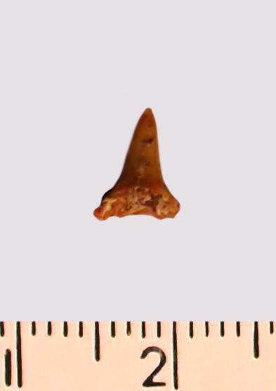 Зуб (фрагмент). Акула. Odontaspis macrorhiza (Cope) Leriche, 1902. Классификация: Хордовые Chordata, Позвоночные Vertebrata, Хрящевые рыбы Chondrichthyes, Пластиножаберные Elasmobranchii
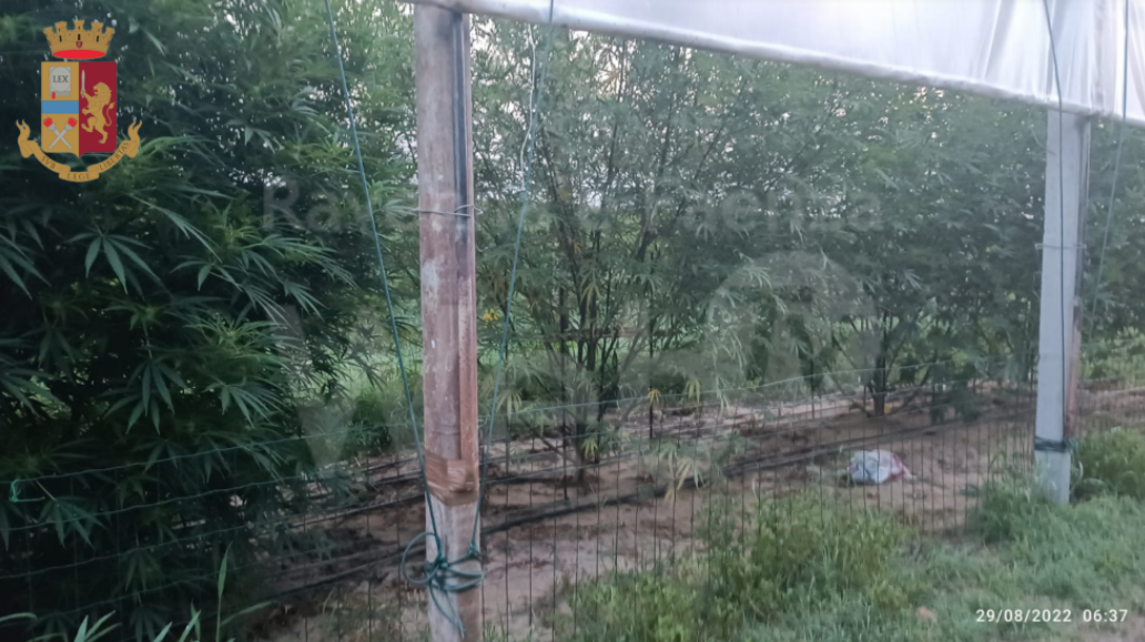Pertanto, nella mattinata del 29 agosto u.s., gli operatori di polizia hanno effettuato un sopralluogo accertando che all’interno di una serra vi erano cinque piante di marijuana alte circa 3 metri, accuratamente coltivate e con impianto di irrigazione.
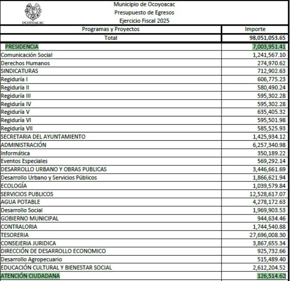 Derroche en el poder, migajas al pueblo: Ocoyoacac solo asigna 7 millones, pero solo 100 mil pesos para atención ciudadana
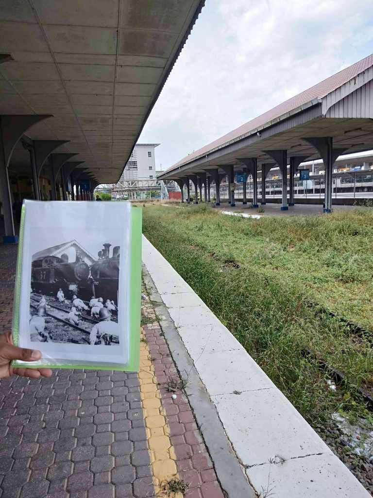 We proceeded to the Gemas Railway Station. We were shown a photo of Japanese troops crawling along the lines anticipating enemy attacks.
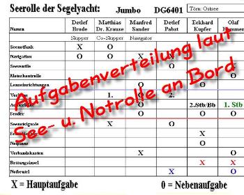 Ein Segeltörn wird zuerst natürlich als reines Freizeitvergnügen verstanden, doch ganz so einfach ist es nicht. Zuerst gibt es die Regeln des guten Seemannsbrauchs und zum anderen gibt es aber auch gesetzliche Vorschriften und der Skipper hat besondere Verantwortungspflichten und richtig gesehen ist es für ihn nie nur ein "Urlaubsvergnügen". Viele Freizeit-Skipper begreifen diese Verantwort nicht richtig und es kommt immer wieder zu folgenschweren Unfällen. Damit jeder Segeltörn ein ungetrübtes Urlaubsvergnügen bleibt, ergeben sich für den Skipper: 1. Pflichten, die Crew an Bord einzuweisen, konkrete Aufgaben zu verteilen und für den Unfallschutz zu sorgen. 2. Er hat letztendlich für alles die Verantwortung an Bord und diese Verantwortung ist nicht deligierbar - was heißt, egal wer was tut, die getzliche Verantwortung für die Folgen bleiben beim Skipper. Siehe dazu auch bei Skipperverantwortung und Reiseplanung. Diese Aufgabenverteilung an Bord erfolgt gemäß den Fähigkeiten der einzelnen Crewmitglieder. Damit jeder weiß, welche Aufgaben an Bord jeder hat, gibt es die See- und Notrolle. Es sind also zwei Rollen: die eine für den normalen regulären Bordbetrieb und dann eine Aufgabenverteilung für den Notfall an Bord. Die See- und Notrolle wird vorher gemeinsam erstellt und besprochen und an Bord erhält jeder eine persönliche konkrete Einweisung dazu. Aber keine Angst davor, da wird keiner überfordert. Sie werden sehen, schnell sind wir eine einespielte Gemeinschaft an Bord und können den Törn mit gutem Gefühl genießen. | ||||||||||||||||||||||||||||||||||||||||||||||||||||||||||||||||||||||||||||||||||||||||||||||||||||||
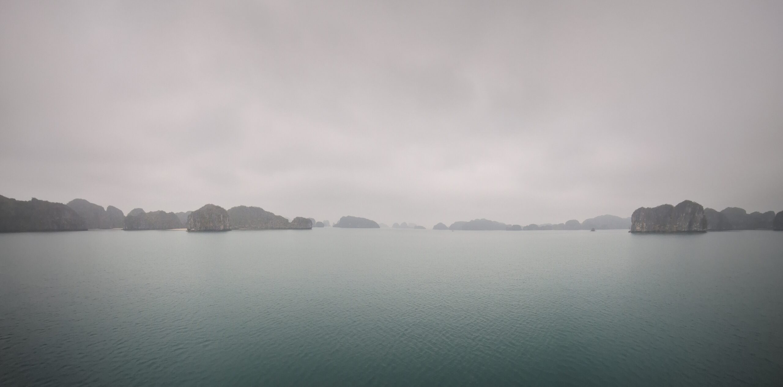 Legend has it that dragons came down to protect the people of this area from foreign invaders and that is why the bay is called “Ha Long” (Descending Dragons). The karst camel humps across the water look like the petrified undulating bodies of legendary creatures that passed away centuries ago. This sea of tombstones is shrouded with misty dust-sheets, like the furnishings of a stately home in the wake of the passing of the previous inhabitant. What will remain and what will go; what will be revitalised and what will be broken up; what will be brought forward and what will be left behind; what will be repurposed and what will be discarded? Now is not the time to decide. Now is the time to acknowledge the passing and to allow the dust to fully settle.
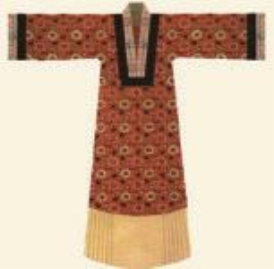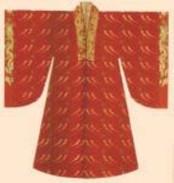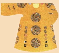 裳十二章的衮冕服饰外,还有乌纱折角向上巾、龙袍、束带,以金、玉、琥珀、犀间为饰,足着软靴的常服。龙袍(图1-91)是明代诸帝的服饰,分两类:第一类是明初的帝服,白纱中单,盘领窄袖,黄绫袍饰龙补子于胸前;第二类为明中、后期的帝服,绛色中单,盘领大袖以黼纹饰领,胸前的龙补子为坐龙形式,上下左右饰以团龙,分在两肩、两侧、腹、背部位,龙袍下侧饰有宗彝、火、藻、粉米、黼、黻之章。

### [TASK BRIEF]
In the records above, find the line that contains "Legend has it" and retype it and all lines after it exactly, leaving out any pictures.

### [SOLUTION FOR THIS PROBLEM]
 Legend has it that dragons came down to protect the people of this area from foreign invaders and that is why the bay is called “Ha Long” (Descending Dragons). The karst camel humps across the water look like the petrified undulating bodies of legendary creatures that passed away centuries ago. This sea of tombstones is shrouded with misty dust-sheets, like the furnishings of a stately home in the wake of the passing of the previous inhabitant. What will remain and what will go; what will be revitalised and what will be broken up; what will be brought forward and what will be left behind; what will be repurposed and what will be discarded? Now is not the time to decide. Now is the time to acknowledge the passing and to allow the dust to fully settle.
 裳十二章的衮冕服饰外,还有乌纱折角向上巾、龙袍、束带,以金、玉、琥珀、犀间为饰,足着软靴的常服。龙袍(图1-91)是明代诸帝的服饰,分两类:第一类是明初的帝服,白纱中单,盘领窄袖,黄绫袍饰龙补子于胸前;第二类为明中、后期的帝服,绛色中单,盘领大袖以黼纹饰领,胸前的龙补子为坐龙形式,上下左右饰以团龙,分在两肩、两侧、腹、背部位,龙袍下侧饰有宗彝、火、藻、粉米、黼、黻之章。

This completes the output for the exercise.